Data in this exercise:

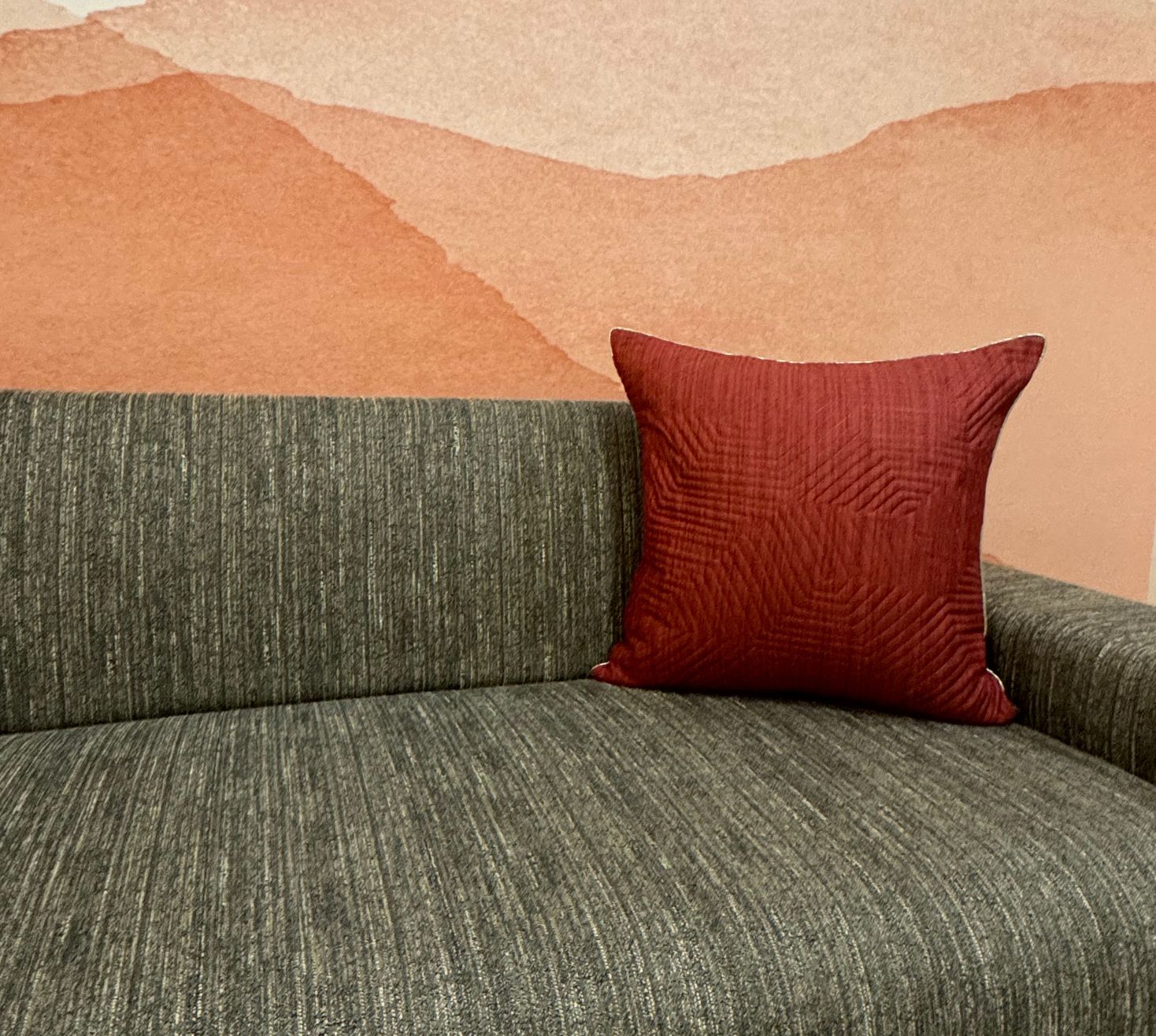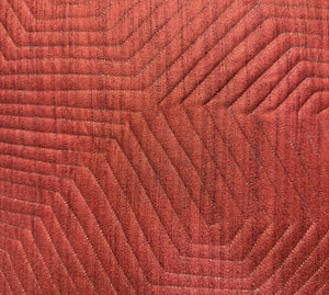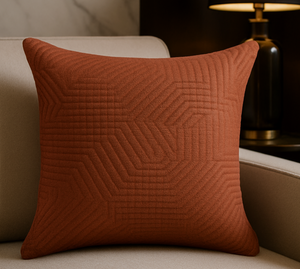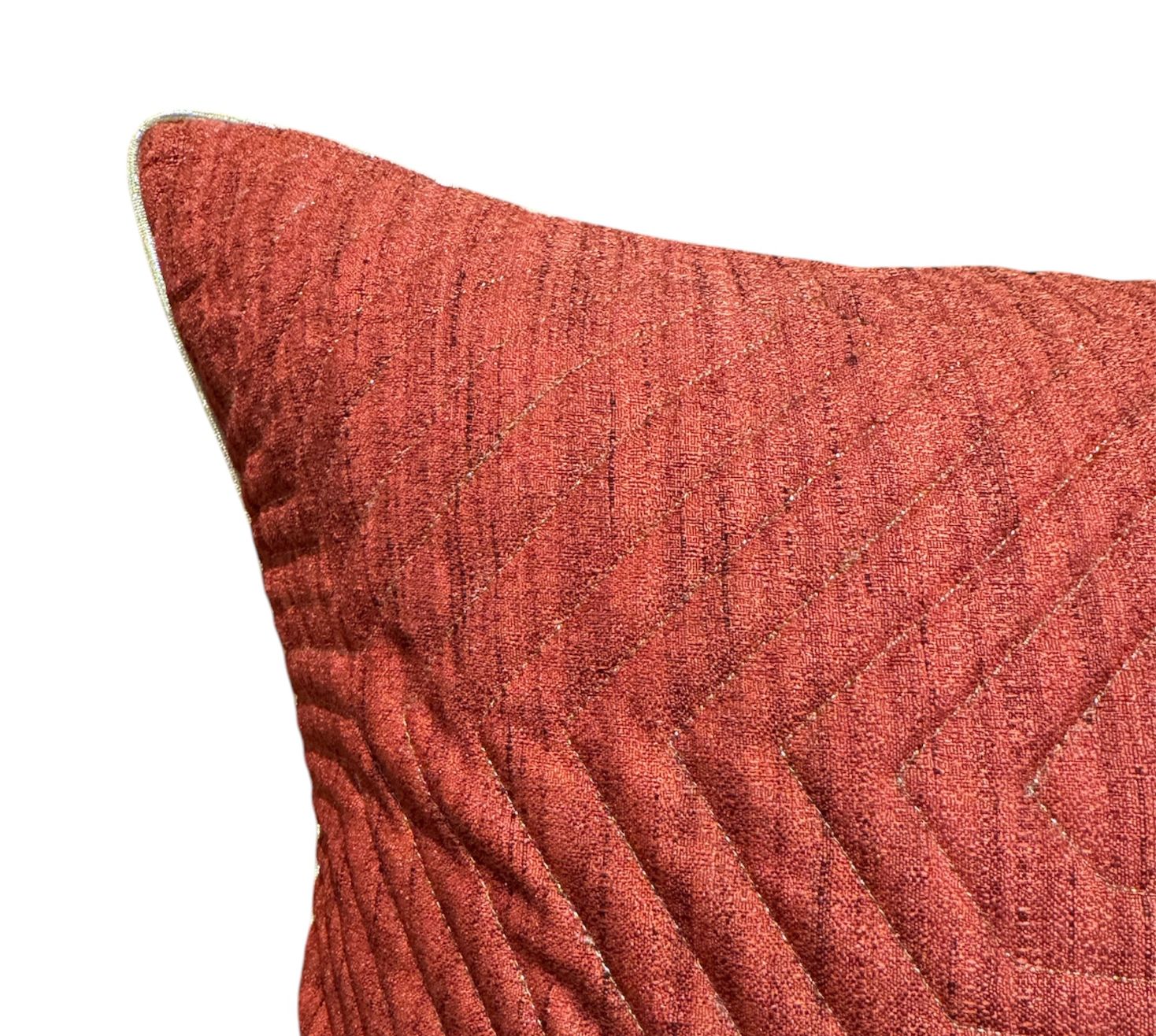 Crafted from mixed dupion fabric in a rich rust hue, it features a quilted design that adds depth and visual intrigue. The abstract zari embroidery, executed in shimmering gold metallic threads, weaves dynamic patterns across the surface, offering a contemporary yet artisanal flair. Together, these elements create a piece that effortlessly combines rustic charm and evokes warmth and dreamlike elegance.
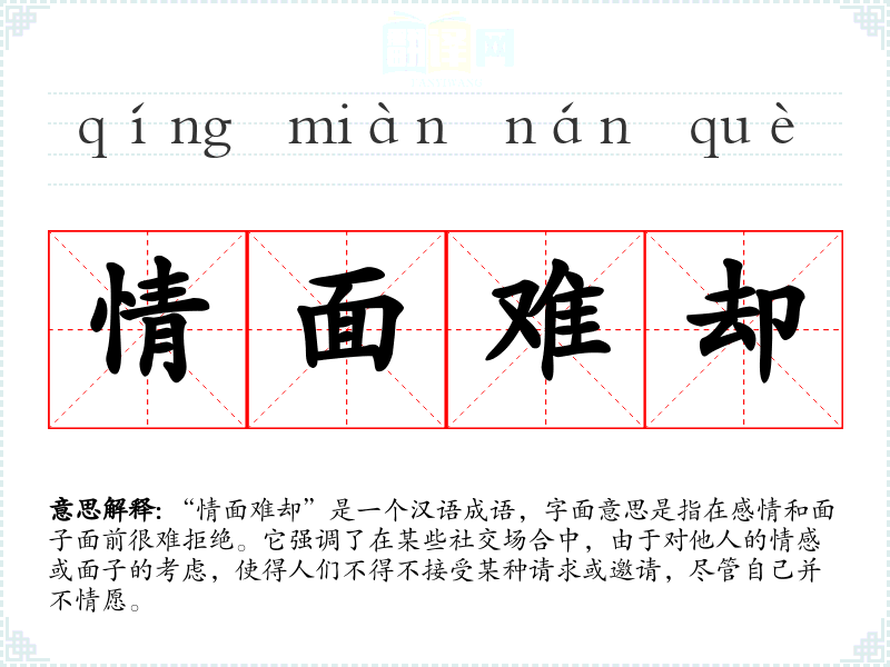 “情面难却”是一个汉语成语,字面意思是指在感情和面子面前很难拒绝。它强调了在某些社交场合中,由于对他人的情感或面子的考虑,使得人们不得不接受某种请求或邀请,尽管自己并不情愿。
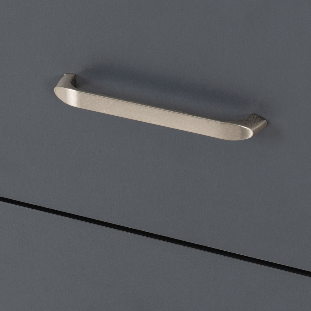 Add a touch of contemporary style to your bedroom with the Portland bedside table. Its sophisticated grey finish, accented with oak drawer tops and sleek silver hardware, creates a modern and elegant look. Two generously sized drawers provide ample storage for all your bedtime essentials, keeping everything neatly organised. This stylish piece beautifully blends form and function for a truly sophisticated bedroom update.
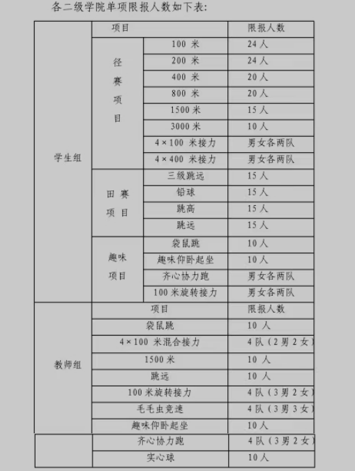 4.接力赛各学院最多限报四队(男女各两队),各队参赛队员必须为运动员。
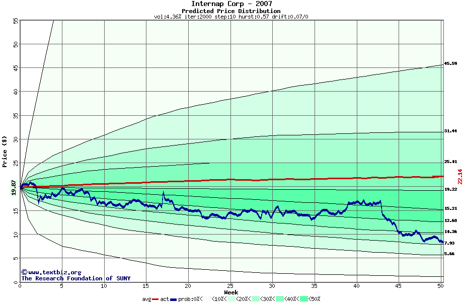 The following graph plots the year-to-date performance of the stock for 2007 compared to the probability calculated by a random walk model.
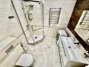 В квартире теплые электрические полы, большие окна в пол, стильные шторы и телевизоры в каждой комнате. Кондиционер с функцией охлаждения и обогрева обеспечит комфорт в любое время года.
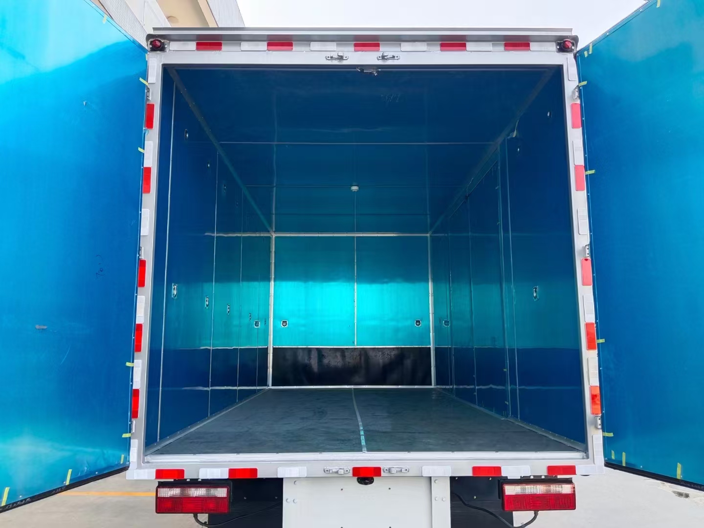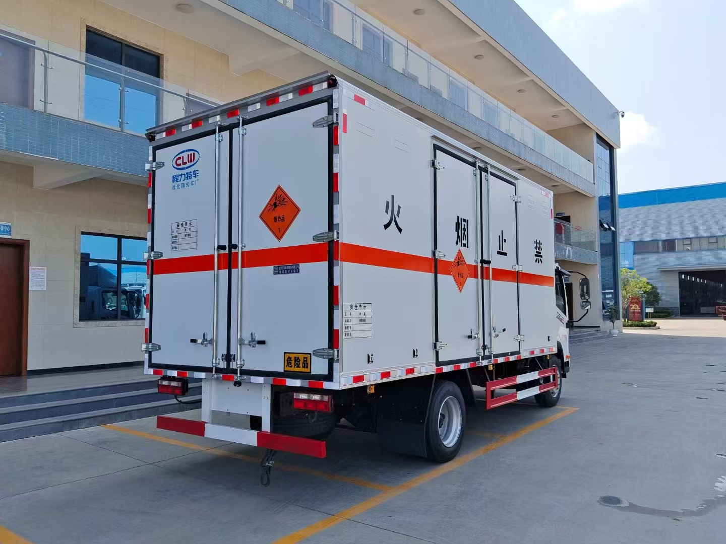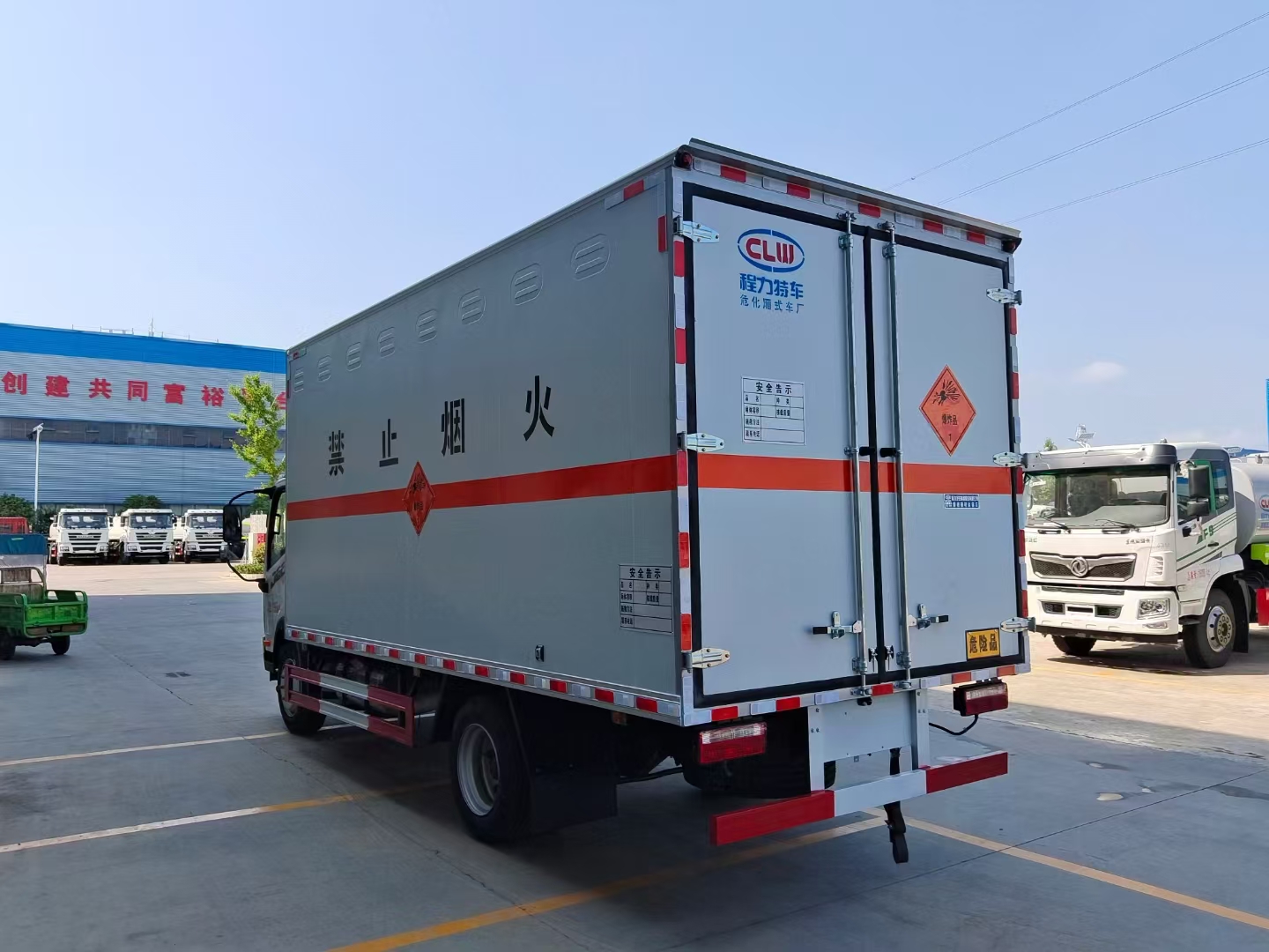 貨箱配置 廂體為雙層金屬骨架結(jié)構(gòu),外板采用冷軋鋼板,中間填充阻燃泡沫,內(nèi)飾為鋁板。底板為平板上鋪防靜電膠皮。廂內(nèi)兩側(cè)加裝固定貨物臥環(huán),門框帶防盜報(bào)警器,頂部帶煙霧報(bào)警器,廂體右側(cè)選裝側(cè)門,隨車配2個(gè)滅火器,危險(xiǎn)標(biāo)志牌,防火帽,危險(xiǎn)品三角頂燈。 (尾部可選裝液壓升降尾板)
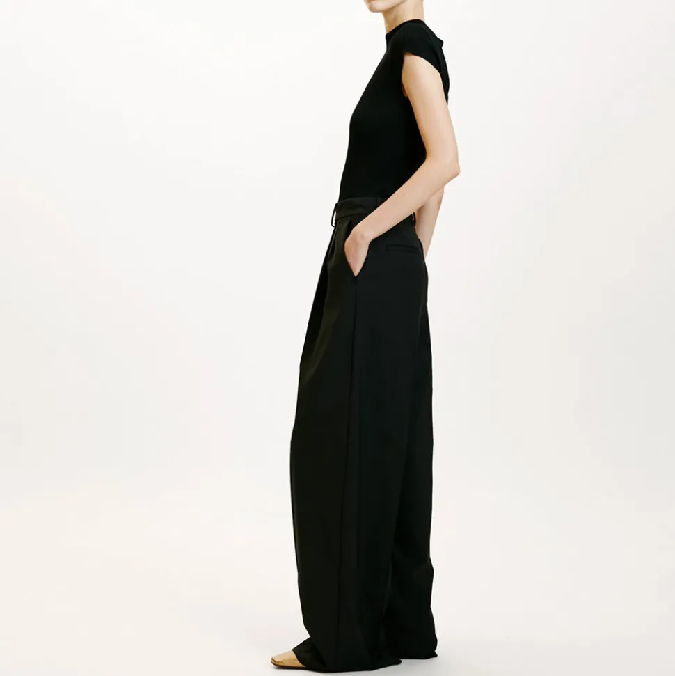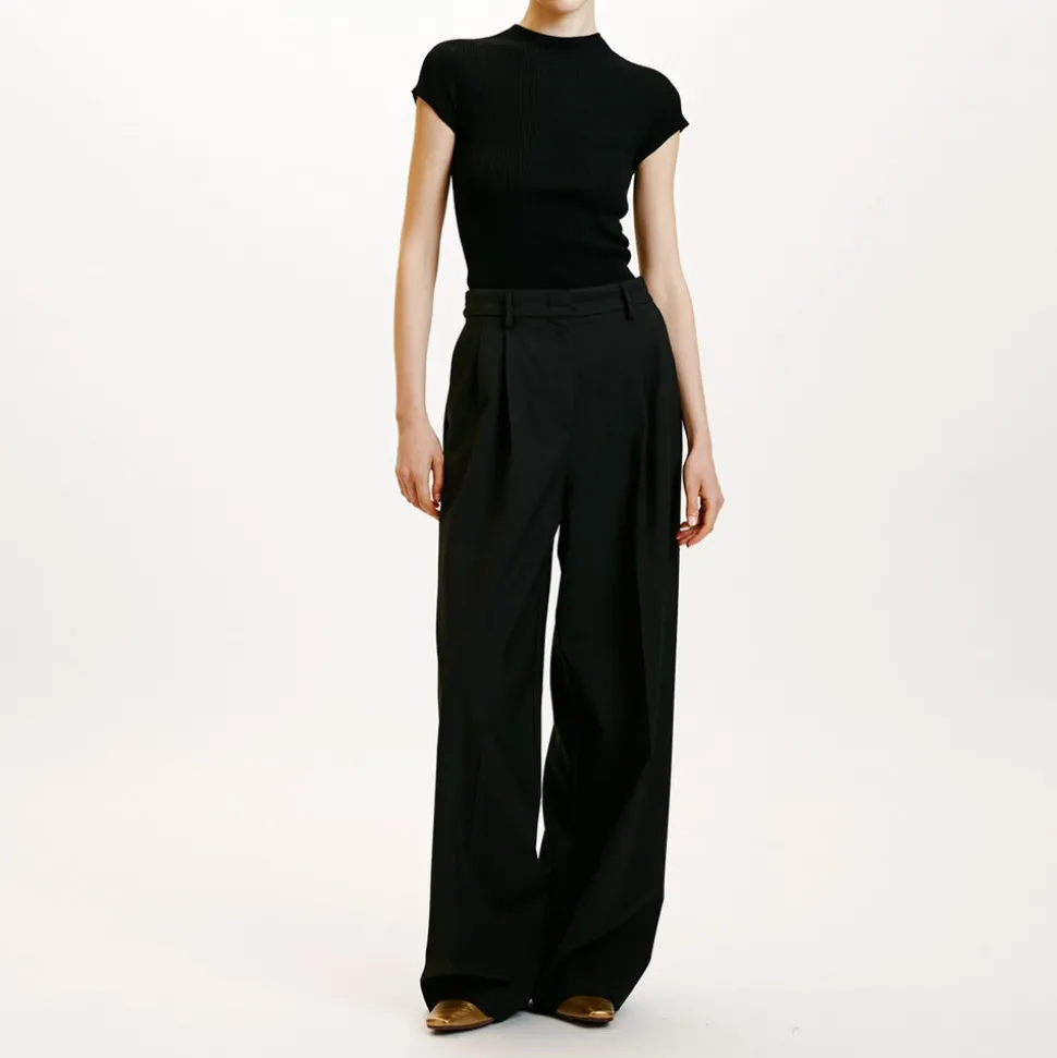 Pantalon long jambe ample en laine froide bi-stretch.

Work instruction: Look above for the line with "The following graph" and the line with "В квартире теплые". Output those two and everything between them exactly, pictures excluded.

Solution below:
 The following graph plots the year-to-date performance of the stock for 2007 compared to the probability calculated by a random walk model.
 В квартире теплые электрические полы, большие окна в пол, стильные шторы и телевизоры в каждой комнате. Кондиционер с функцией охлаждения и обогрева обеспечит комфорт в любое время года.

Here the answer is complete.